I picked this one up about a 2 years ago. They sell them at Wal-mart & Sam's club and elsewhere. Pretty nice safe for the money. I bought the electronic lock model and paid around $598.00 for it at wally world. It's big, heavy, and fire rated. Check them out. May be what your looking for.

-J-
http://www.granitesafe.com/winchester.html

http://www.granitesafe.com/grnite_images/winchester_black.jpg

Nematocyst
February 18, 2006, 03:59 AM
Tegemu, the search function will help you a lot here.

Do a search on THR for "gun safe". There have been several of these of late that have been VERY informative.

I too have been looking into a gun safe, but after reading several threads by knowledgeable folks, including at least two professional safe dealers, my thinking about what to buy (and how soon I can do it) has changed substantially.

Be sure to pay attention to the details of what makes a "safe" a safe, and not just a home security cabinet. It's a fine line that's also a gray area.

Best of luck.

Nem

MNgoldenbear
February 18, 2006, 09:02 AM
+1 on "safe" safes.
Depends a lot on the conditions where you are. In CA, I had a nice Liberty that ran about 800 lbs. empty (well over 1000 with what I had in it) installed in the bedroom (big bedroom) with bolts shot into the cement foundation to anchor it.

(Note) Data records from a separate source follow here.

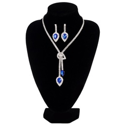 Колье со стразами и серьги гвоздики 4,5 см / 7014 /уп 12/ синий / серебро / 641484
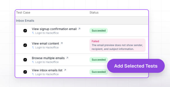 UI changes shouldn’t break your test suite. AI agents understand the intent of a test, not just selectors. When flows change, tests adapt to reach the same goal.
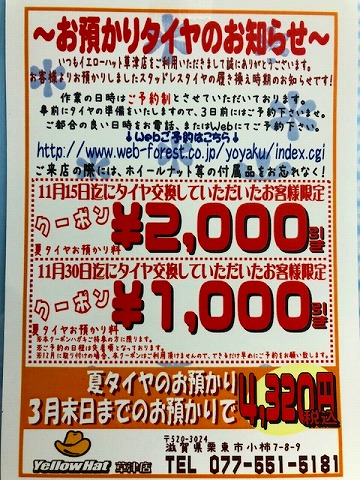 保管場所がなかったり、持ち運びに不便だったり、、、 タイヤの保管場所にお困りではありませんか(´・ω・`) 当店では、タイヤ保管サービスを実施いたしております☆-ヽ(*´∀`)八(´∀`*)ノ ポイントカード会員様で、当店でタイヤ交換作業にご入庫いただける方ならどなたでもOK( ´∀`)人(´∀` )!!!! 国産車・輸入車問いません。 お気軽にスタッフまでお尋ね下さい★ (2017/11/20up)
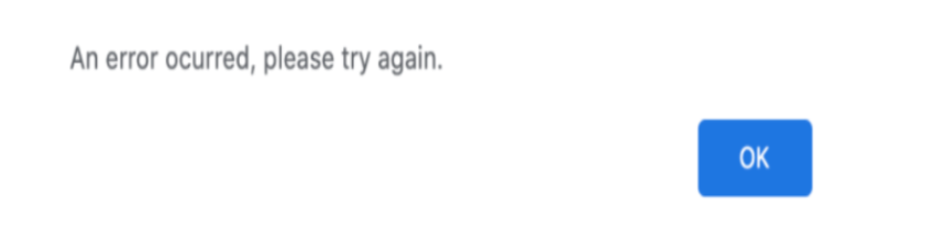 Section titled “Q. Why am I receiving an error when sending a test email, and how can I fix it?”A.When testing a campaign email, you may receive a popup notification with an error message that states “An error occurred, please try again.” The message will look like this:
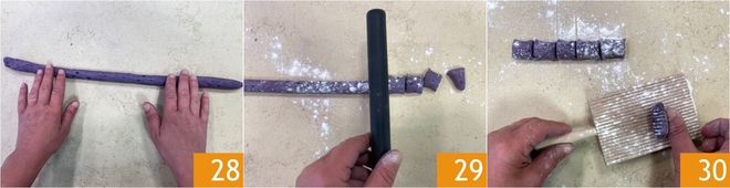 Jede Portion Teig mit den Fingerspitzen zu etwa 2 cm dicken Rollen ausrollen 28. Dabei gelegentlich die Arbeitsfläche mit Grieß bestäuben und den nicht verwendeten Teig mit einem Tuch abdecken, um ein Austrocknen zu verhindern. Die Rollen in kleine Stücke schneiden 29 und sie auf einem mit Grieß bestäubten Gnocchibrett rollen, dabei leicht drücken 30.
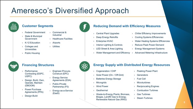 Image Shown: An overview of Ameresco’s expansive slate of energy efficiency and green energy solutions, and the various financing structures it offers its customers. Image Source: Ameresco – August 2021 IR Presentation
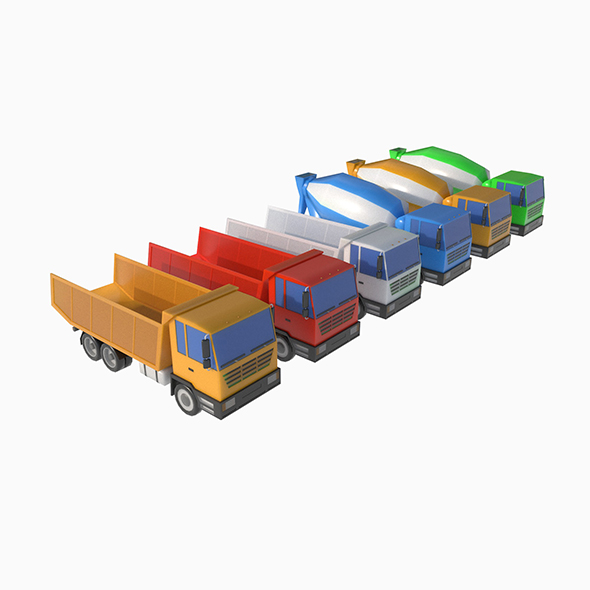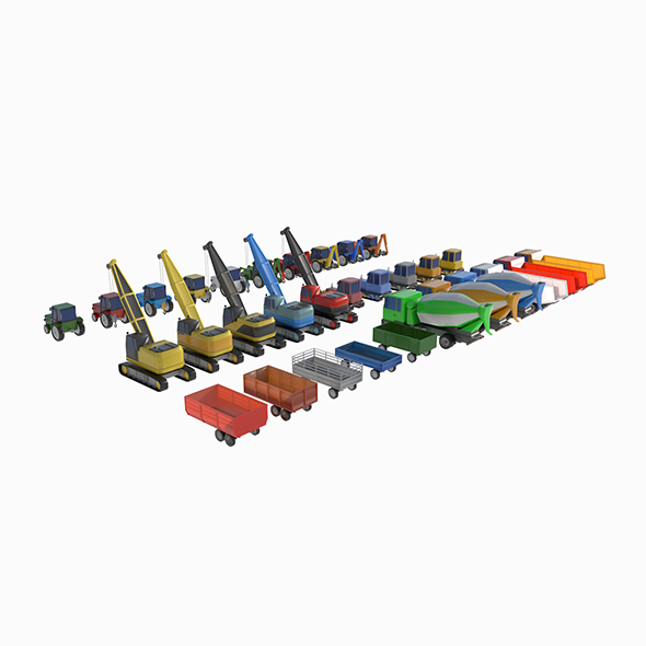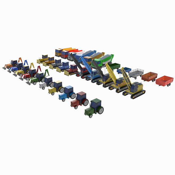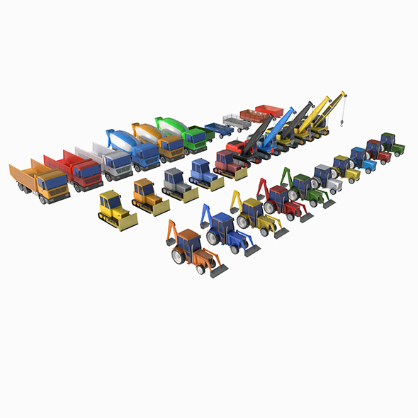 3D models of heavy equipment, excavators, tractors, bulldozers, cranes and dump trucks with mixers. The collection contains 11 unique models and 31 varieties and color variations of models. Each model has from 1500 to4500 polygons, in total the set has 87241 polygons. Models were made in Cinema 4D 2023, converted to 3DS Max, Blender, Unity, Unreal Engine and other formats. Texture palette – png 128×128. The set also includes a scene with vehicles arranged.
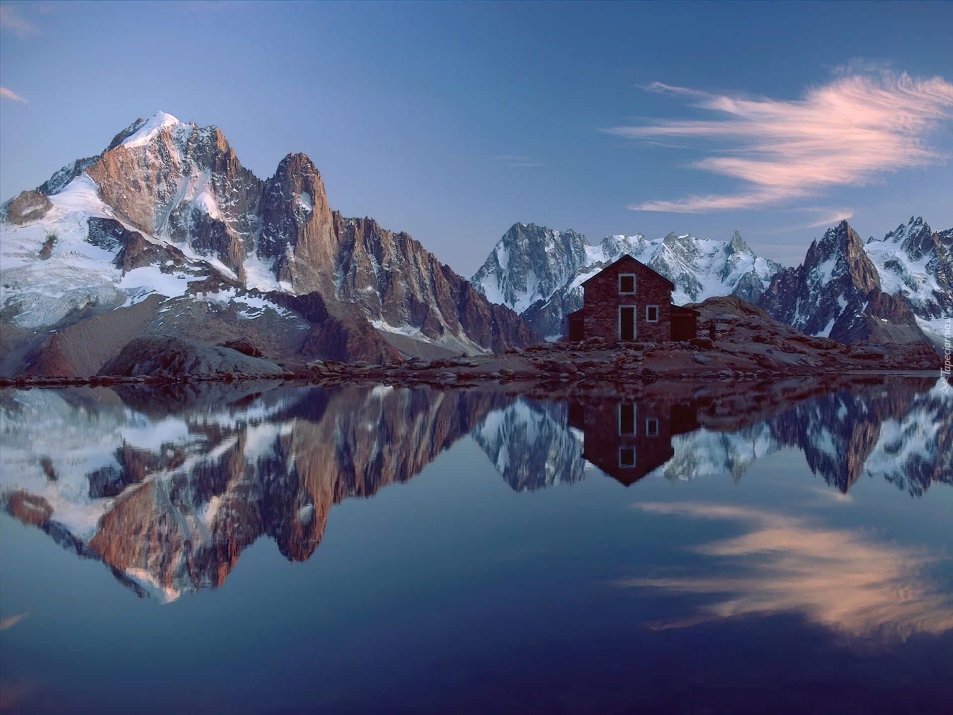 Edytor tapety: Francja, Alpy, Woda, Domek, Odbicie

Out here, I just basically have a security cabinet. It would be nice to have a fire-rated set-up in case of such, but this has to serve the purpose for now. Out here, most firearms are kept in glass and wood cases, often ones that the owner or a family member (child, grandparent, etc.) made in shop class. Real safes are fairly rare here.

Make sure the one you get does exactly what you want. Depends on where you live, where you put the safe, who has access to the area, security goals, etc.

Highland Ranger
February 18, 2006, 01:34 PM
Also look up "residential security container" or RSC.

Cutting to the punch line, many safe's . . . well aren't.

You can spend a $1000 for a safe and a kid with a hammer and a screwdriver can have it open in ten minutes. Not much more deterent that a locked metal cabinet.

So unless you are buying it as furniture, you need to look at the bang for the buck factor.

Nematocyst
February 18, 2006, 05:06 PM
Also look up "residential security container" or RSC. That's one of the terms/acronyms I was searching my memory for last night, but couldn't remember it.

Thanks, HR. ;)

I think there may be other similar terms suggesting or implying "safe", but are just "this side" of safe. :scrutiny:

My take is, less than a "safe" may (or may not) have it's place, but purchasers should at least be aware of what it will do, what it won't do, etc.

Nem

Highland Ranger
February 18, 2006, 07:42 PM
Guy on rimfire central posted a pic of what some kids did to a $1000 "safe" with a hammer and screwdriver.

Don't remember the whole story but bottom line: because the side walls of the safe were far thinner than the door in terms of gauge of sheet metal, these guys just peeled the damn thing.

Like everything else, need to look at the specs and understand what they mean and how it impacts your intended use.

What good is 12 hardened steel bars and a pick-proof lock if you make the sides of the safe out of what is essentially paper mache to hand tools . . . . . . . . better off buying a locking stationary supply or tool cabinet and using concealment/misdirection to protect the guns.

Or even better, if they aren't family heirlooms, leave them out where you can enjoy them. Get a glass display case, some cable locks and some insurance.

GunFixer
April 25, 2006, 03:50 PM
I have 2 Zanott Armor Safes. They are awesome. They actually come apart and you can move all the pieces by yourself with the exception of the door. That part is pretty heavy. Check them out at http://www.zanottiarmor.com

mmike87
April 25, 2006, 07:02 PM
10,000 pound titanium and reinforced concrete safes are not practical for everyone. Buy what you can afford - anything is better than nothing. Most importantly, make sure your guns are insured. And, buy bigger than you need, especially if you opt for a larger, more expensive safe. You WILL run out of room.

I have a Liberty safe, and I understand it's limitations. However, I have not the room for something huge, and having something too heavy is a concern also, since this is not my last house.

If someone really wants your stuff, they are going to take it.

tegemu
April 26, 2006, 04:46 PM
I ultimately got a good deal on a Liberty Safe. Thanx guys.

a1abdj
April 26, 2006, 08:19 PM
I deal with Liberty products on a regular basis.

I will say from experience, that they do a better job of marketing, than they do of building a safe.